Hi rockbottom, interesting question.....are you doing a project on various catering options?


----------



## rockbottom (Feb 9, 2009)

hi ms. shroomgirl, yes i am. :chef:


----------



## ed buchanan (May 29, 2006)

Serve Quality with pride, Customer comes first, charge a lot, give a lot, The rest follows.


----------



## chefbillyb (Feb 8, 2009)

Catering is taking your show on the road. I have catered on the beachs of Hawaii, to Desert of Washington State. I never let the customer do the menu, they always screw it up. I just find out their likes and dislikes and take off from there, That would be for a Wedding, and I hate Weddings. I charge a lot and give twice what they asked for. I always like something carved, Baron, Prime Rib, whatever. I like a choice of 3 entrees and starch and vegetable that would go nice with all of them. when you take your show on the road, you better know what your doing. Dont leave anything to chance. If it could go wrong, it will.
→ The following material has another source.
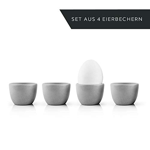 HEYNNA® Premium eierdopjes set van 4 gemaakt van stevig beton/grijze eierhouder in tijdloos Heynna-design – ⌀5cm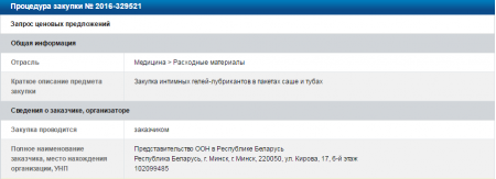 Первое апреля, или ООН в Беларуси что-то затевает? 0.5K 01:05 - 2/Апр/16 Goga (11 лет 3 месяца) Наткнулся тут на тендер. Интересно - к чему бы это? Источник: http://www.icetrade.by/tenders/all/view/329521

The party isn't a place to try something new. The catering is the hardest part of foodservice that you will ever do. The catering is planning, planning, planning, Hard work, Hard work, Hard work. When it is over it will be the most fun and the biggest Adrenaline rush........Bill


----------



## shroomgirl (Aug 11, 2000)

As a small offsite caterer who does events from 600 down to small events....
using a lot of local food. Most events are considered tablecoth events.
check out my website for more info.

Strengths: being able to cook a lot of different cuisines, rifting with what's available, having farm sources that supply me with top quality products many I've asked them to grow......having the ability to do a mydrid of things:
manage/direct a food stage
food styling
talking to chefs in their language, ie having an understanding of what it takes to create food.
teaching
writing
creating events
designing and creating farmers markets
being able to create menus that reflect:budget, guest preference, space, season etc



Weaknesses: being small means I do everything, or hire someone to do things.

Sometimes weaknesses have been turned into strengths. gotta get to the winter farmers market as they open in 45 minutes and there are very little greens this time of year, supply vs demand....if you don't get them within the first 15 minutes you don't get them until the next market, two weeks later


----------



## bbally (Jan 2, 2005)

Pick the level of service you offer and be the best at it.

Know you can not be best at all things catering, so figure out what you do and do it correctly on every execution!

Always over deliver.

Have a great qualification questionaire to be sure the potential client fits your business plan. (sometimes the most important client is the one you send to the competition cause they will never be happy)

Know your costs, know your overhead, know your profit margin, don't compromise on any of them.

Understand marketing, and that the best marketing is the way you look and the way you taste..... which means you need to support the non-profits that offer tastings, and have Boards of Directors that can steer business your way.

Purchase all the equipment to expand at auction.... Capital equipment liquidation from people whom wrote a bad business plan offer your greatest chance to increase return on investment!


----------